YOUR TASK — Write out all of the records precisely. Skip anything that is a picture.

=== Section Start ===

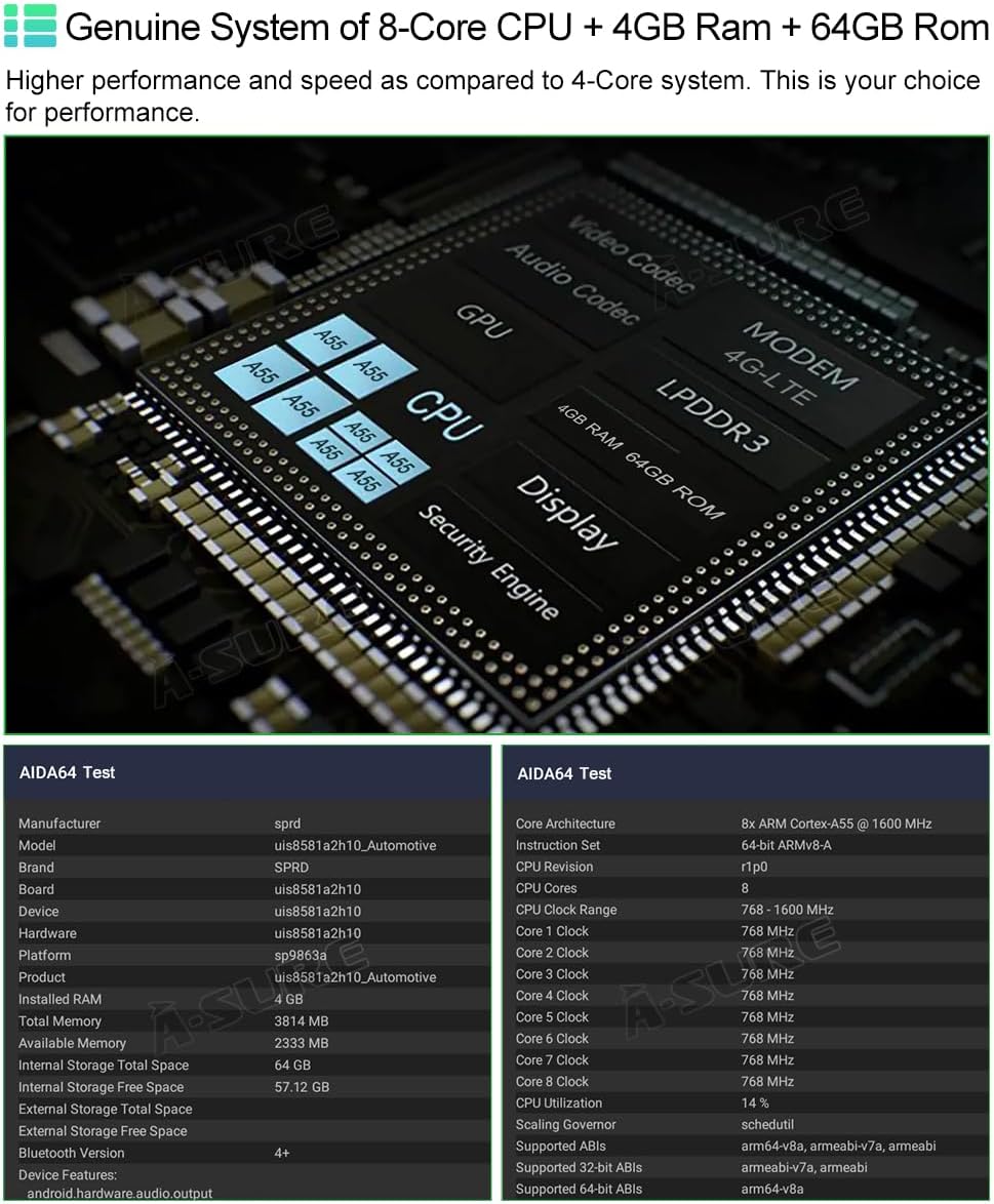 【Car Radio Upgrade】Customization Android system,with 8-Core 1.6Ghz CPU,4GB RAM,ensures smooth operation and faster response,64GB ROM for more apps installed,1280*720 HD Touchscreen thrid-gen IPS display,color richer and display clearer,Screen Display Resolution 1280×720, Video output resolution 1024×600 (to external monitor)
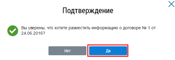 Подтвердите действия по размещению информации, нажав на кнопку Да.
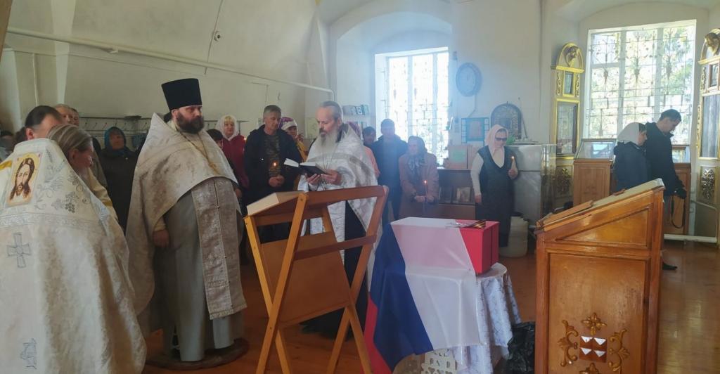 В храме Рождества Пресвятой Богородицы, состоялось отпевание воина Николая. Богослужение возглавил благочинный Горномарийского церковного округа протоиерей Алексий Сущев в сослужении архимандрита Иоанна Барсукова и иерея Василия Решетникова.
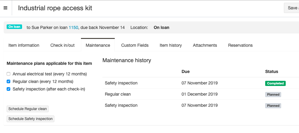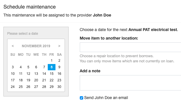 If your items need regular servicing (perhaps an annual electrical test), then it's easy to schedule a repeating service. When the next service is due, you (or your service provider) will get a reminder that work needs doing. If it's the kind of work that prevents someone borrowing an item - perhaps insurane prevents you lending your items where electrical test has expired - then that's easy to manage as well.
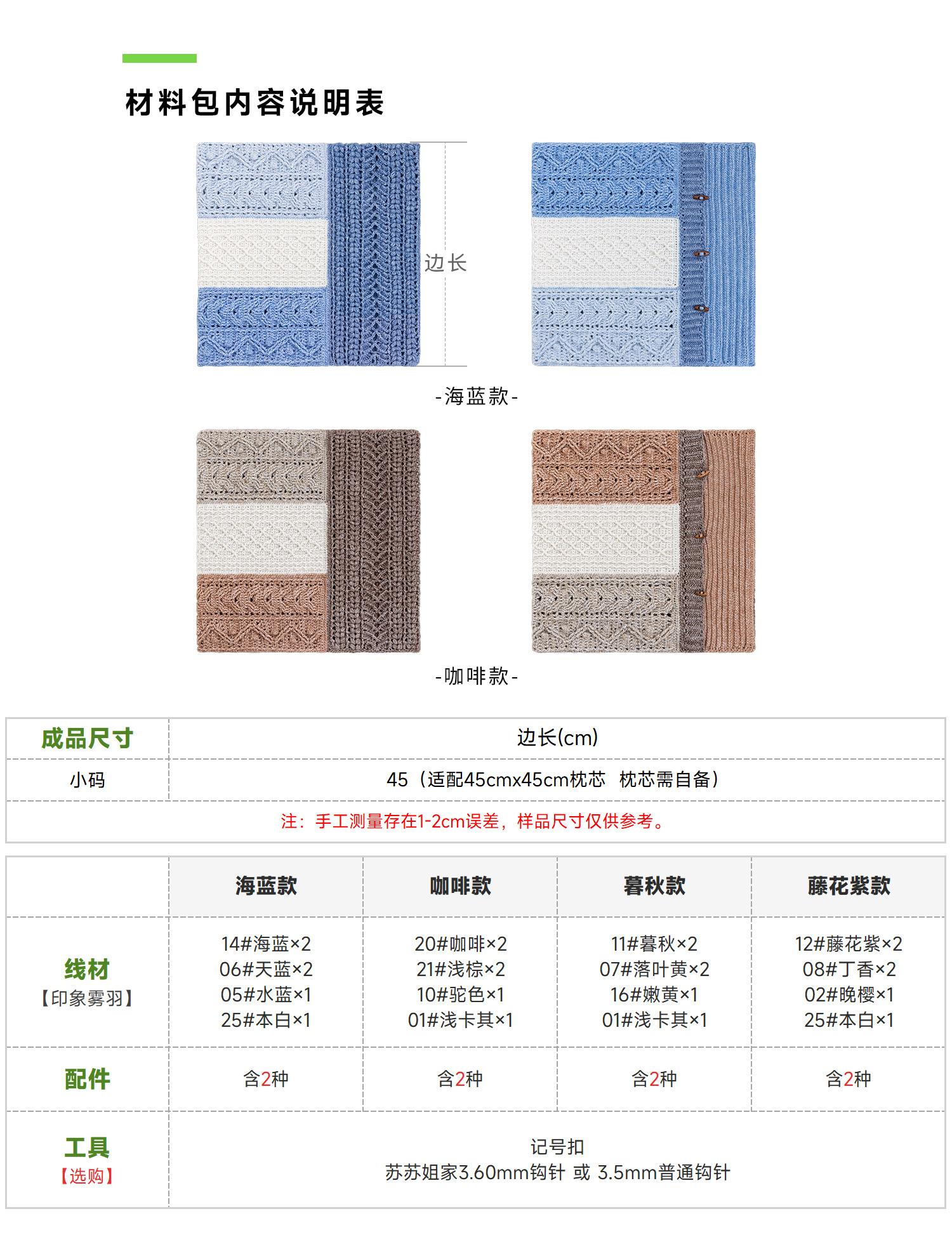 苏苏姐家雨雾拼花抱枕套手工DIY编织钩针抱枕套毛线团自制材料包
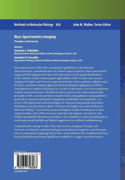 "The book aims to provide comprehensive background information on mass spectrometry imaging (MSI) technology ... . a monograph that has the merit of summarizing many protocols of great value for all scientists, engineers, and clinicians who are interested in applying MSI in their work. The book is clearly written and comprehensive, and has a good balance between theoretical descriptions and broad practical descriptions. Both established MSI researchers and those new to the field would benefit from this valuable source of methodological information." (José Manuel Costa-Fernández, Analytical and Bioanalytical Chemistry, Vol. 401, 2011)
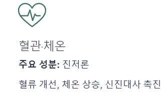 | 혈관/체온 | 진저론 | 혈류 개선, 체온 상승, 신진대사 촉진 |
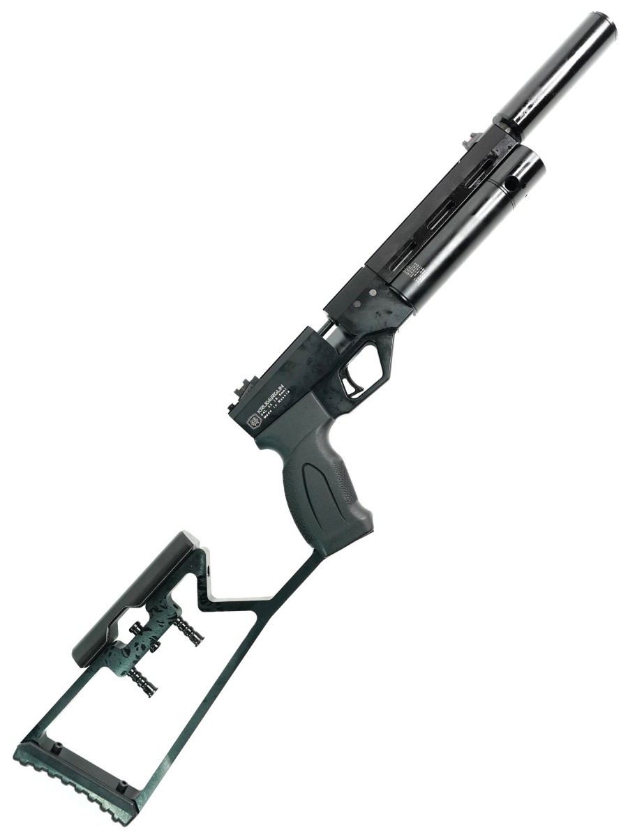 Комплектация (?): | пистолет, приклад, магазин, ЗИП, заправочный штуцер, саундмодератор, паспорт (инструкция), коробка |

=== Section End ===

OUTPUT FOR THIS TASK —
 【Car Radio Upgrade】Customization Android system,with 8-Core 1.6Ghz CPU,4GB RAM,ensures smooth operation and faster response,64GB ROM for more apps installed,1280*720 HD Touchscreen thrid-gen IPS display,color richer and display clearer,Screen Display Resolution 1280×720, Video output resolution 1024×600 (to external monitor)
 Подтвердите действия по размещению информации, нажав на кнопку Да.
 В храме Рождества Пресвятой Богородицы, состоялось отпевание воина Николая. Богослужение возглавил благочинный Горномарийского церковного округа протоиерей Алексий Сущев в сослужении архимандрита Иоанна Барсукова и иерея Василия Решетникова.
 If your items need regular servicing (perhaps an annual electrical test), then it's easy to schedule a repeating service. When the next service is due, you (or your service provider) will get a reminder that work needs doing. If it's the kind of work that prevents someone borrowing an item - perhaps insurane prevents you lending your items where electrical test has expired - then that's easy to manage as well.
 苏苏姐家雨雾拼花抱枕套手工DIY编织钩针抱枕套毛线团自制材料包
 "The book aims to provide comprehensive background information on mass spectrometry imaging (MSI) technology ... . a monograph that has the merit of summarizing many protocols of great value for all scientists, engineers, and clinicians who are interested in applying MSI in their work. The book is clearly written and comprehensive, and has a good balance between theoretical descriptions and broad practical descriptions. Both established MSI researchers and those new to the field would benefit from this valuable source of methodological information." (José Manuel Costa-Fernández, Analytical and Bioanalytical Chemistry, Vol. 401, 2011)
 | 혈관/체온 | 진저론 | 혈류 개선, 체온 상승, 신진대사 촉진 |
 Комплектация (?): | пистолет, приклад, магазин, ЗИП, заправочный штуцер, саундмодератор, паспорт (инструкция), коробка |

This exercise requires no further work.